“Yes Sahib, the very best from Assam and Manipur. All roasted twice and not ground until I woke this very morning before the sunrise.”
Knowledge of coffees was a hobby, so as he ladled three steaming portions--creamed and sweetened--into unglazed earthenware cups, we discussed beans. “Bah,” he spat. “The Nilgiri Hills in the south have their reputation, but the smart buyer knows where the number one beans come from.” A finger pointed towards the sun on the eastern horizon. “Right there, in the mountains of The Seven Sisters, and the sweetest of the sisters is Nagaland.” Agreeing wholeheartedly with his assessment, I paid and tipped him and hustled back. Our train would be rolling across the bridge in ten minutes, then make the long westerly curve towards Delhi.
****
I almost dropped the cups coming into the car. Crowds were jostling back into second-class compartments, and a small boy trying to catch up to his father ran across my foot, tripped, and nearly sent us both sprawling. I just managed to keep the front cup from dropping and exploding on the platform.
Then the heat from the liquid began to seep through the clay and sear my fingers. Ignoring the pain, I mounted the lowest of the steps and turned to look over my shoulder. Vendors, hoping for a final sale before the train’s departure, hawked goods below the windows. Cloth merchants fanned silks and cottons for women to appraise. Brass-smiths rang small bells and held up engraved candlesticks. A jeweler, with a flat box suspended from his neck, lifted gems and necklaces that flashed like mirrors in the morning light. I looked beyond the crowd. The field was like splintered emeralds, and further on, the river moved like dark tea through the gorge. I remembered then why I loved Bareilly at sunrise so much.
Inside, Jitka had just finished breakfast and sat on her bunk contentedly reading a recipe book. Uli had taken a few bites of iddly cake and was waiting for my return.
“Take these please before they completely melt my fingers.” Uli took two of the cups and I set the last one down with a groan. Shaking the sting from my fingers, I said, “Well, I can safely say they haven’t cooled much . . . probably a bad idea to carry them barehanded.”
Uli began soothing the ends of my fingers with her lips and tongue, stopping long enough to say, “Bad is never good until worse happens.” She smiled at my questioning look. “Another of those Danish proverbs, My Sweet.”
“Sounds too ominous,” I replied. She was still kissing my fingers as if they were covered with almond kheer, and I really didn’t want to move, but beyond the window I saw the last item on my small list, a newspaper. A gnome-like man was pushing his cart of periodicals toward the station overhang. I wanted to finish breakfast, sip Nagaland coffee, and read about the entrails of Imperial Holding being torn out. “Keep the cups and those lips warm, Ms. Hadersen,” I grinned, “I’ll be right back.” I scrambled from the car and bolted across the platform just as a long blast signaled three minutes to departure.
The newspaper cart and its pocket-sized owner had rounded the station corner on the north side. Second-class passengers were still pressing aboard cars in the rear. A knot of people formed unexpectedly in front of me, and I needed to wade through them and sprint across.

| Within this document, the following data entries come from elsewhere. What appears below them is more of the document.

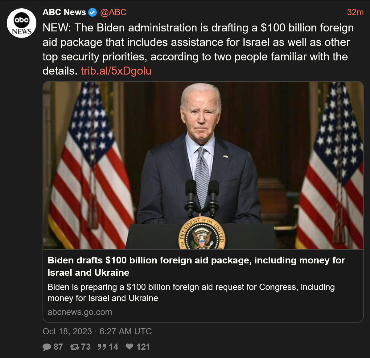 >as you're including the Bush-era aid guarantee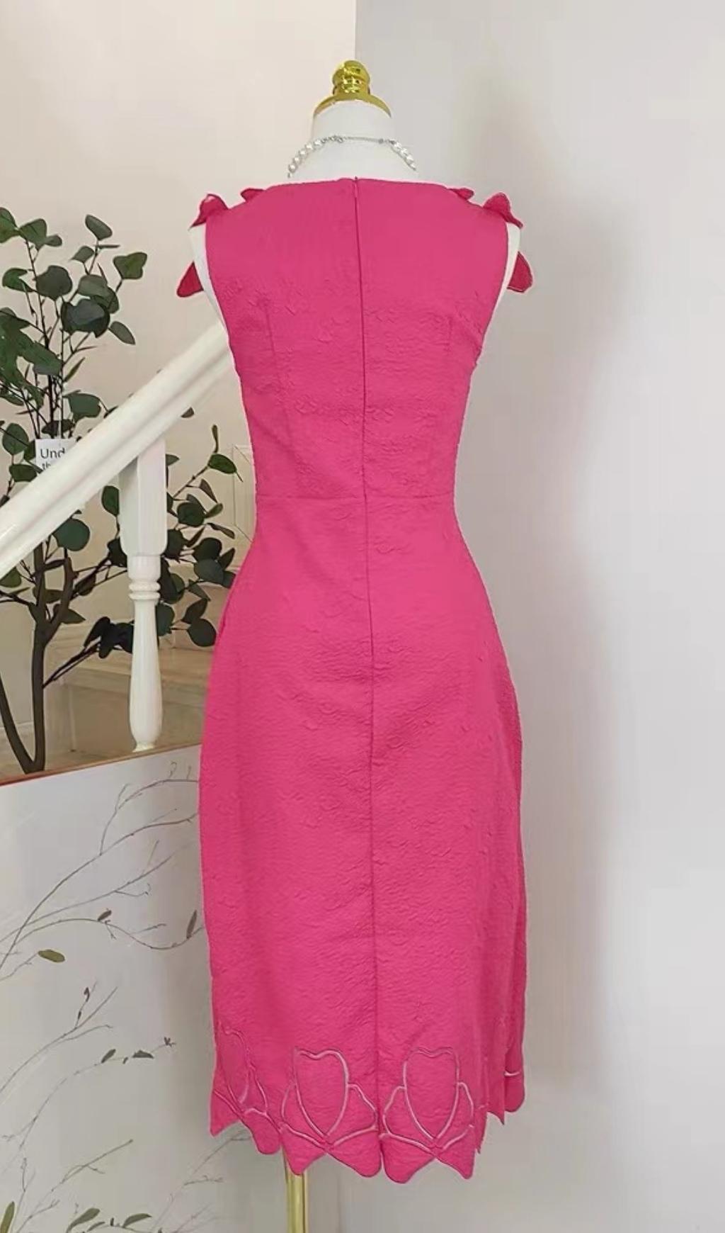 PINK JACQUARD EMBROIDERY MIDI DRESS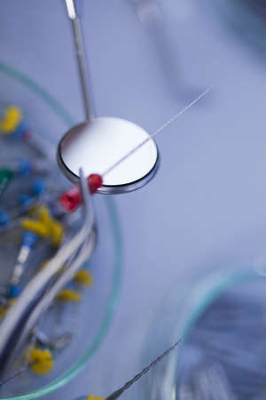 Close up detail of dentist tools for healthcare and surgery.

Rounding the corner of the station-house at full speed I nearly tumbled over the cart. It was parked at a peculiar angle, abandoned while its weak-bladdered owner scurried off in the direction of the men’s latrine.

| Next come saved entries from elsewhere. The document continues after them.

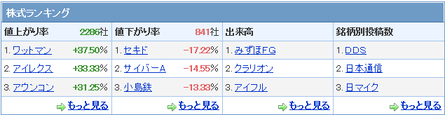 ランキングで値上がりランキング一位の株を買えば上がって儲かります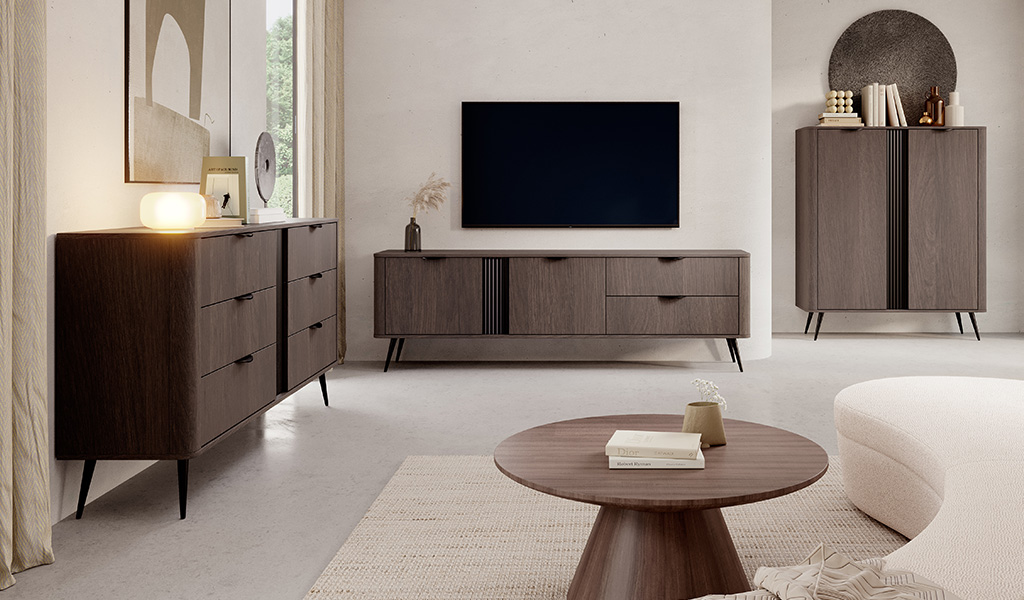 A VERIS nappali bútor garnitúra stílusos és modern bútordarabokat kínál a nappaliba. A bútor család több praktikus és elegáns elemet is tartalmaz: TV szekrényt, különböző méretű komódokat, könyvespolcot, sőt még egy éjjeliszekrény is.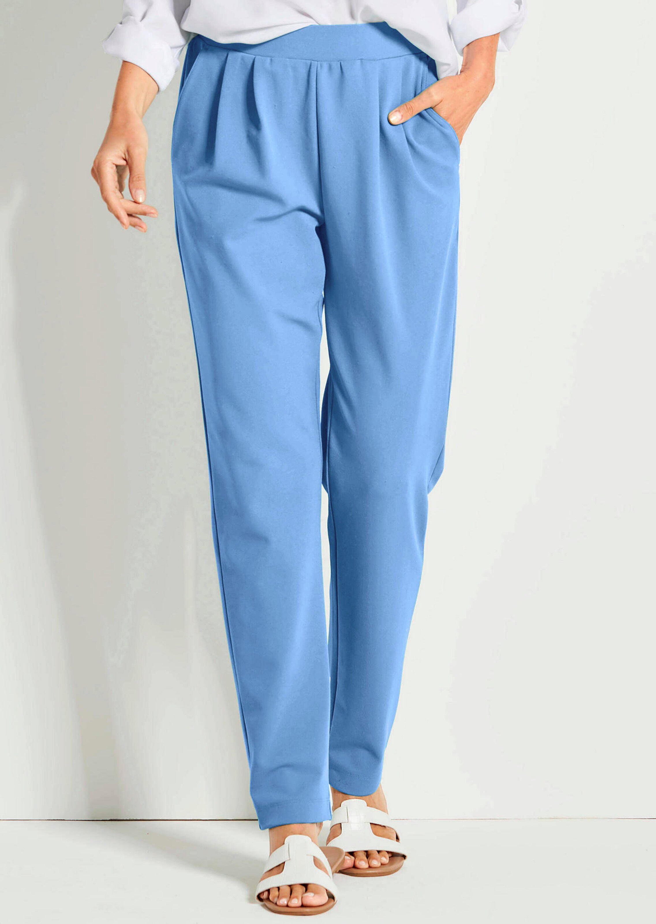 Le pantalon SARA à taille élastique lisse offre un confort incomparable toute la journée. Cela est dû à la matière bi-extensible et facile d'entretien qui présente des propriétés infroissables et thermorégulatrices. Avec des plis à la taille et des poches obliques. En qualité crêpe. Largeur au bas env. 34 cm. Coupe conique.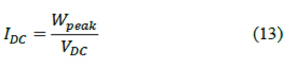 Wpeak es igual a 356,37 Wp. La corriente total del sistema fotovoltaico (IDC ) es calculada dividiendo Wpeak por el voltaje del sistema (VDC ), usando la ecuación 13 [24], [26].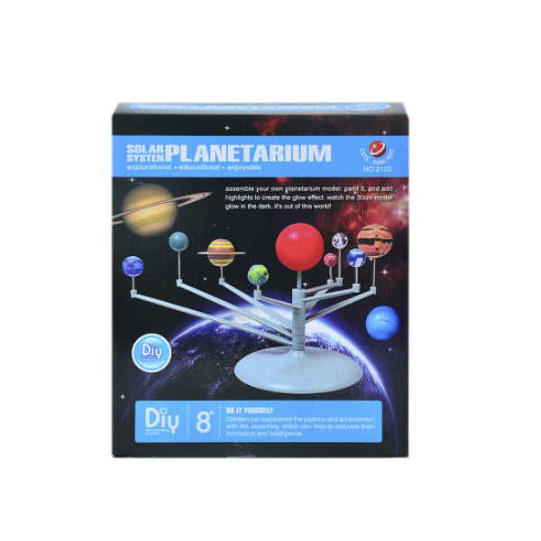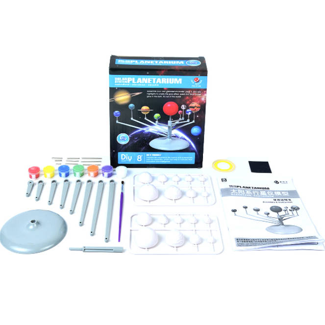 Cute Sunlight DIY Solar System With English Instruction Description: Size: 32*12cm Material: Plastic Kits: 1 ×Stripe of paint pots 1 ×Brush 1 ×Sustain circumgyrate seat 1 ×Sustain arm 8 ×Circumgyrate arm 1 ×Sand paper 1 ×Saturn ring template 9 ×Steel bars Package Included: 1 × DIY Solar System 1 × English Instruction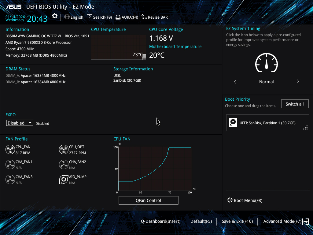 主板的性能释放与BIOS优化息息相关,B850M AYW GAMING OC WIFI7 W配备大容量 BIOS 芯片不仅支持功能更强大的界面,还扩展了对最新及未来 AM5 处理器的兼容性,从而确保流畅、无缝的用户体验。BIOS界面延续了华硕经典风格,功能全面,兼顾新手与发烧玩家。默认进入EZ简易模式,可直观查看BIOS版本、CPU型号、内存容量等核心信息,新手可轻松完成基础设置。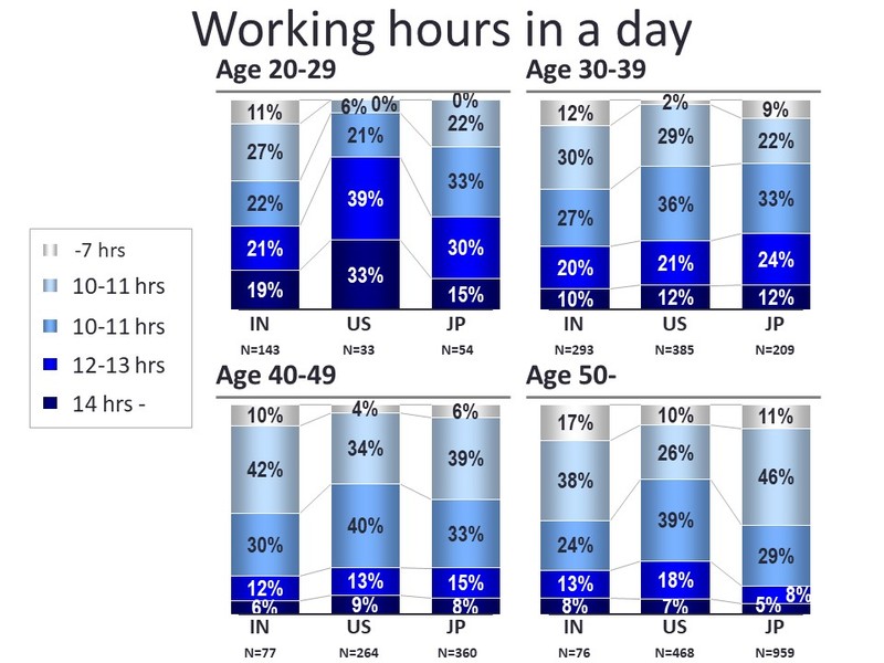 Of all three countries surveyed, Indian doctors seem to be at work the most number of days in a week, but US doctors seem to work the most number of hours per day. Japan was well-balanced in both categories having 5- or 6-day work weeks, showing larger percentages of >12 hours work day only in the first two groups (ages 20 to 29 and 30 to 39) and the same for 8 to 9 or 10 to 11-hour work days across all age groups surveyed.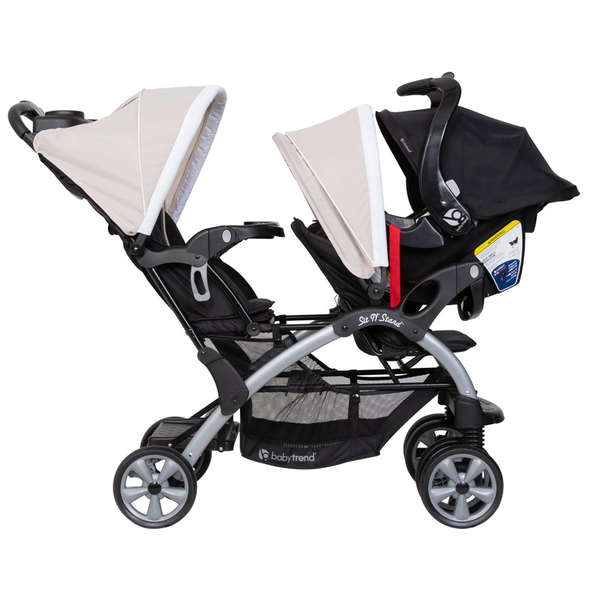 • Baby Trend Sit N Stand Baby Double Stroller and 2 Infant Car Seat Combo, Khaki

I scanned the selections and snatched up a copy of The Times of India, then dug through my pockets for some rupees to place on the cart. Overhead a small flock of white herons swooped in a low arc as they descended towards the river. I watched their flight, momentarily hypnotized by the grace and fluidity of their movement. They rose into an unseen draft, winged across the breadth of the ravine and settled into the pasture on the far bank. And there, beyond the flock, in the shade of a wide acacia tree, beside a tin-roofed warehouse, was a sight that chilled every fiber of my heart. A black Mercedes Benz CLS crouched motionless like a lioness. Its hood ornament faced the bridge and a lone silhouette sat in the driver’s seat. For a full breath my mind tumbled impotently and my feet wouldn’t move. I stood frozen. Then every harbinger and warning of the past days flashed through my mind. Mein Gott, Bhim, what if he’s timing them to match the shipments? The shipment wasn’t meant to leave the mining compound yesterday, it was meant for today. Flame and death at dawn. Steel and water. Flame and death at dawn. Who Bhim? The Sutradharak. With a far-off pressing of cell phone buttons, The PuppetMaster was going to destroy the bridge at Bareilly and plunge the train with thousands of caged passengers into the swollen waters of the Ramganga river--murder on an unthinkable scale.

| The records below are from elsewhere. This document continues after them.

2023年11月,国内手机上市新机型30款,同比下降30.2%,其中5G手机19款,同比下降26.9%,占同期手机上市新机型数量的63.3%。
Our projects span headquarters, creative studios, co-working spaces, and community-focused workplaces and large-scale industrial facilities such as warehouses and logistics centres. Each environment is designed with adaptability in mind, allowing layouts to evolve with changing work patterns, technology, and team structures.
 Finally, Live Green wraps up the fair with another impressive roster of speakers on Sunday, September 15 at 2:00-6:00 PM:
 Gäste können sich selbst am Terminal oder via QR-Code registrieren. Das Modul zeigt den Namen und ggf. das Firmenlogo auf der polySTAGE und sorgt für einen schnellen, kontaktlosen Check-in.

The shriek of the final whistle jolted me like a starter’s pistol, and a single thought flashed into my mind--the train could not reach the bridge, it must be stopped. I pictured Uli waiting patiently to have coffee with me, Jitka finishing breakfast, and a thousand others resettled in their places, and I jumped.
The locomotives, coupled back to back, were a hundred and fifty meters from the edge of the divide and nearly the same distance from me. It was an angled race between a hundred thousand tons of steel and me—speed versus mass. I had to alert the engineers before the train began moving too fast to brake.
Impatient milliseconds later and my feet were churning across earth and grass. Twenty yards into my sprint the driving wheels of the engines lurched forward with a mechanical hiss. I waved an arm, frantically screaming in English, “Stop! Stop the train. There’s a bomb!” The wheels jerked forward a second time with sluggish but obstinate force. No engineer’s face appeared at the window. I screamed in Hindi this time.
To my left, along the line of the tracks, I saw three figures, a conductor with a rolled up signal flag swinging into the doorframe between two cars, and further down, two members of the RPF, the Railway Protection Force, walking with all casualness in the same direction as the departing train. One of the officers either heard my screams or saw me running insanely toward the locomotives. He motioned to his partner, and they both began jogging towards me, their rifles swinging in bouncing motions from behind their shoulders around to the front. I was forty meters from the front engine when a rifle shot cracked across the field. I looked left, without slowing. The policeman closest to the train had fired a warning round above my head.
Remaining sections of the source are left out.